What you need to do.
What is wanted is every line below from the one with "The U.S. economy" up to and including the one with "The grinder features", retyped exactly, pictures excluded, nothing else.

Raw data.
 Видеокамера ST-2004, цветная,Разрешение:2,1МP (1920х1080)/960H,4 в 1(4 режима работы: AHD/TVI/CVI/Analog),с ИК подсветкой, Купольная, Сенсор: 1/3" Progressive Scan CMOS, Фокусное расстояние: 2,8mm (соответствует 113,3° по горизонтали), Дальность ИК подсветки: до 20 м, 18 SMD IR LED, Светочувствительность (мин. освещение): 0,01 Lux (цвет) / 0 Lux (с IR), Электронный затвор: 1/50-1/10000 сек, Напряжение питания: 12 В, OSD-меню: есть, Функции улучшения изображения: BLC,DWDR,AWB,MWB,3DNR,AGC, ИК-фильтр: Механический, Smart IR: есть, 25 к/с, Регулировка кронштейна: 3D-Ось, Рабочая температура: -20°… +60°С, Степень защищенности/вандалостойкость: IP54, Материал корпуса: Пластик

* * *

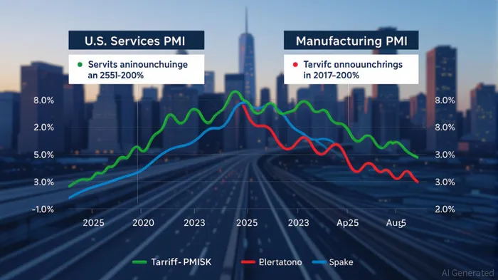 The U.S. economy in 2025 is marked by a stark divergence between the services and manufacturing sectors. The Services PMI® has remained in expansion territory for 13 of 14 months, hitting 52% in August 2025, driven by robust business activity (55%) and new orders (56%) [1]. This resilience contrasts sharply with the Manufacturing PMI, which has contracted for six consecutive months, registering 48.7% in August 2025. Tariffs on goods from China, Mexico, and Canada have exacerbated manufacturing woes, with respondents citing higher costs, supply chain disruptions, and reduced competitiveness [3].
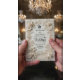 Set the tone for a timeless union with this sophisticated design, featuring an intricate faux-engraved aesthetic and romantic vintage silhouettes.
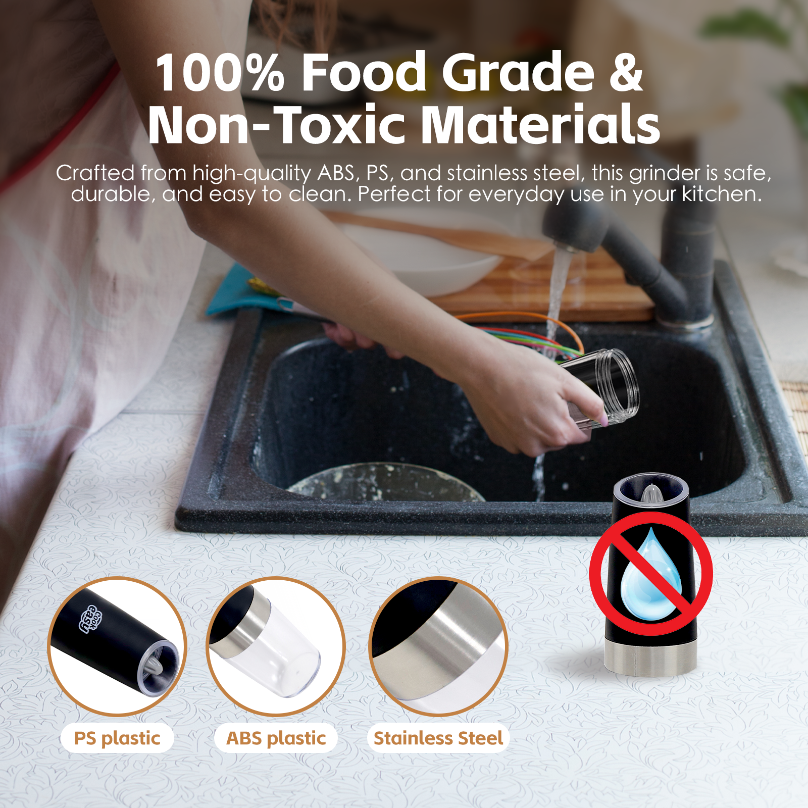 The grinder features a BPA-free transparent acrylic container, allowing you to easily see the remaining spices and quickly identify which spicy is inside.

--

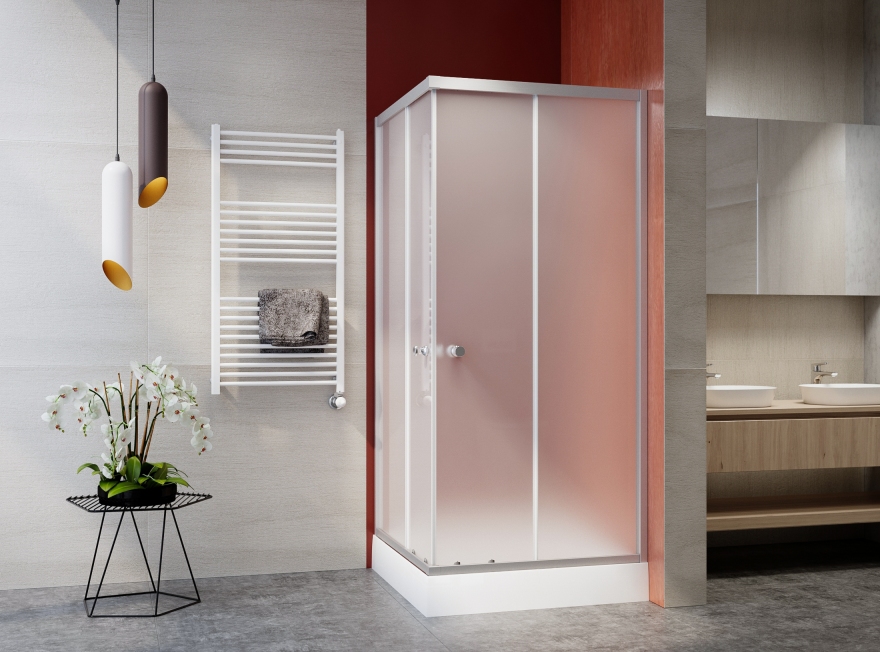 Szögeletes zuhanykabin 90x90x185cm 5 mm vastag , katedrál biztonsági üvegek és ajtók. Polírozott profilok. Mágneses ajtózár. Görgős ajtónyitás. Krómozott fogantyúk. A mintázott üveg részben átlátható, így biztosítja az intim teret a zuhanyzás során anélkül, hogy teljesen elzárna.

Reply.
 The U.S. economy in 2025 is marked by a stark divergence between the services and manufacturing sectors. The Services PMI® has remained in expansion territory for 13 of 14 months, hitting 52% in August 2025, driven by robust business activity (55%) and new orders (56%) [1]. This resilience contrasts sharply with the Manufacturing PMI, which has contracted for six consecutive months, registering 48.7% in August 2025. Tariffs on goods from China, Mexico, and Canada have exacerbated manufacturing woes, with respondents citing higher costs, supply chain disruptions, and reduced competitiveness [3].
 Set the tone for a timeless union with this sophisticated design, featuring an intricate faux-engraved aesthetic and romantic vintage silhouettes.
 The grinder features a BPA-free transparent acrylic container, allowing you to easily see the remaining spices and quickly identify which spicy is inside.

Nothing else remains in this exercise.